Privatization advocates contend that Katrina brought essential reforms to Louisiana’s education system. But the facts tell a different story. “A key part of the New Orleans narrative is that firing the unionized, mostly black teachers after Katrina cleared the way for young, idealistic (mostly white) educators who are willing to work 12 to 14 hour days,” wrote Andrea Gabor, a professor of journalism at Baruch College, in a detailed story in The New York Times last week. “For outsiders, the biggest lesson of New Orleans is this: It is wiser to invest in improving existing education systems than start from scratch. Privatization may improve outcomes for some students, but it also hurt the most disadvantaged pupils.”

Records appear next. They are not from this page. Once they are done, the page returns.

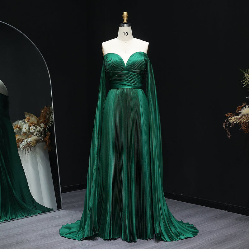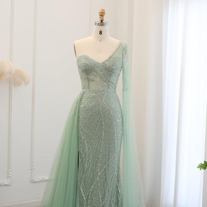 Luxury One Shoulder Green Evening Dress with Cape Sleeve SS054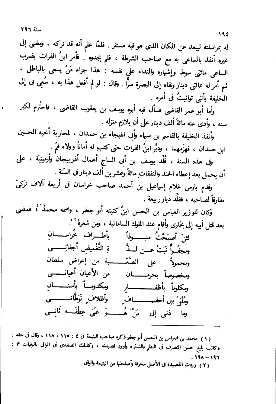 له بمراسلته ليبعد عن المكان الذى هو فيه مستتر فلما علم انه قد تركه، ومضى الى غيره انفذ بالساعى به مع صاحب الشرطه، فلم يجدوه فامر ابن الفرات بضرب الساعى مائتي سوط واشهاره والنداء على نفسه: هذا جزاء من يسعى بالباطل، ثم امر له بمائتي دينار ونفاه الى البصره سرا وقال: لو لم افعل هذا به، سعى بي الى الخليفة بأنني توانيت في امره.
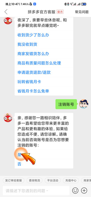 4、向客服发送注销账号信息,点击客服提示信息中的“是”选项即可。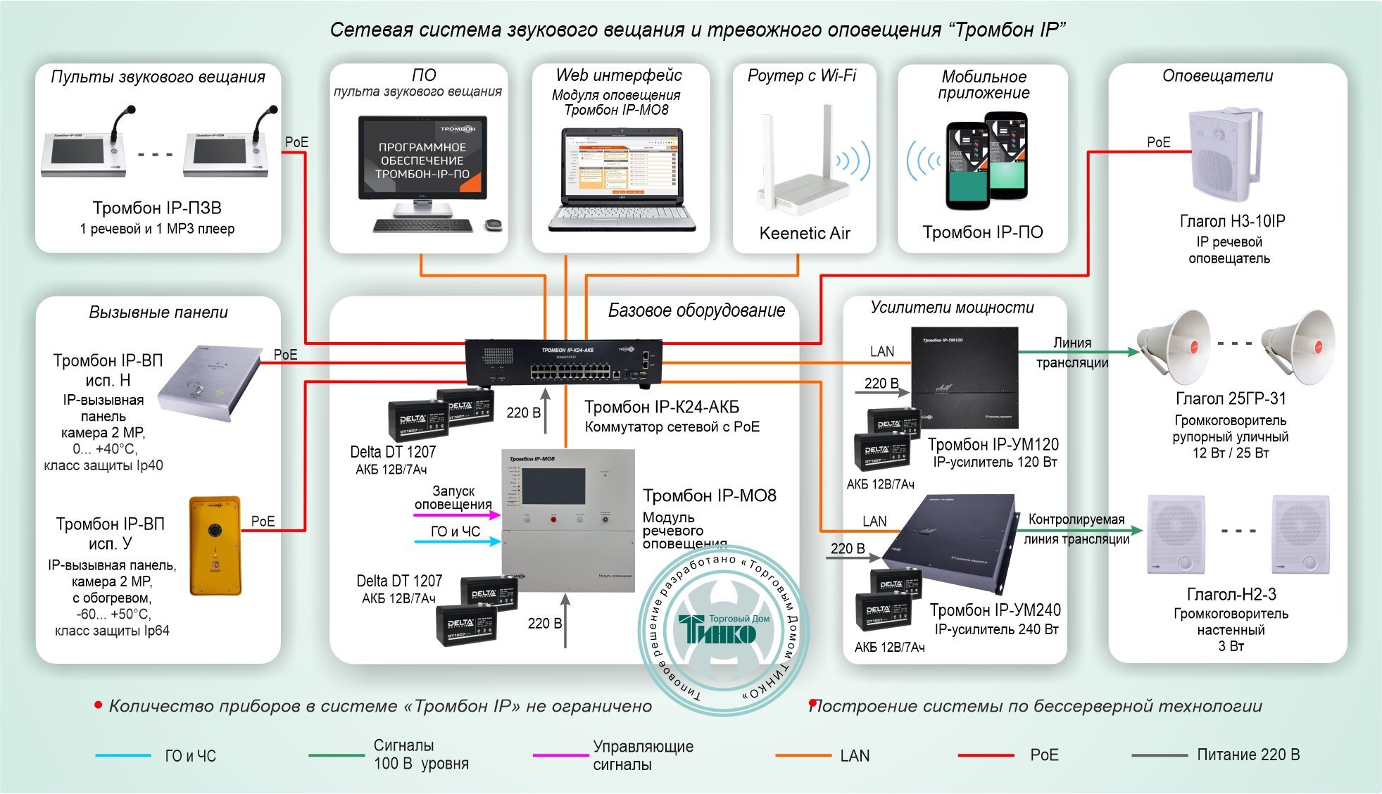Сетевая система звукового вещания и тревожного оповещения “Тромбон IP" ТРОМБОН Типовое решение: СОУЭ-016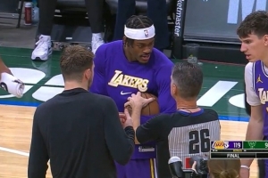 體育資訊11月17日訊 昨天湖人戰(zhàn)勝雄鹿的賽后,雙方球員以及裁判針對(duì)比賽用球展開(kāi)了一段拉扯。

Similarly, public housing in New Orleans remain a mess, with the state increasing rents for residents in areas that many say lack a cohesive community spirit. There is a long waiting list for subsidized housing.
To be clear, poor quality structures were blights on the city even before Katrina. But the United States’ slow economic recovery has emboldened officials in Louisiana and elsewhere who argue that privatized services are far preferable to a well-financed public system. The flood of corporate donations to politicians augments these arguments.
Disaster capitalism is a readily exportable commodity. New Orleans still pulses to a resilient rhythm, but those pushing for more private housing, schools and infrastructure are rarely held to account. Without accountability for the abuses of corporate-backed privatization policies, its advocates will simply move on to another city or country to maximize their profits at the expense of poor and marginalized citizens.
Countless companies are already cashing in as the climate crisis takes hold across the United States. For example, many New Yorkers fear that hurricane precautions are excluding the city’s poorest residents while protecting the richest homeowners. The billion-dollar disaster rescue industry, allowing wealthy customers to pay companies to, say, rescue them from a flood or fight fires during a wildfire, is thriving; this is the privatization of humanitarian aid. Corrupt politicians are making a fortune from rebuilding New Orleans and New York after hurricanes.
The most vulnerable in our society deserve to be treated as human beings and not as an experiment in social engineering. Disaster capitalism distorts democracy by elevating the voices of a few wealthy people above the desires of the majority. Even 10 years after Katrina, McQueary can still write blindly about radical change through privatization while ignoring the great determinant of public access in the United States: race.
Antony Loewenstein is a freelance journalist based in South Sudan and a best-selling author of many books, including the upcoming Disaster Capitalism: Making a Killing out of Catastrophe. He’s working on a documentary with the same name.
This article orginially appeared on Al Jazeera America.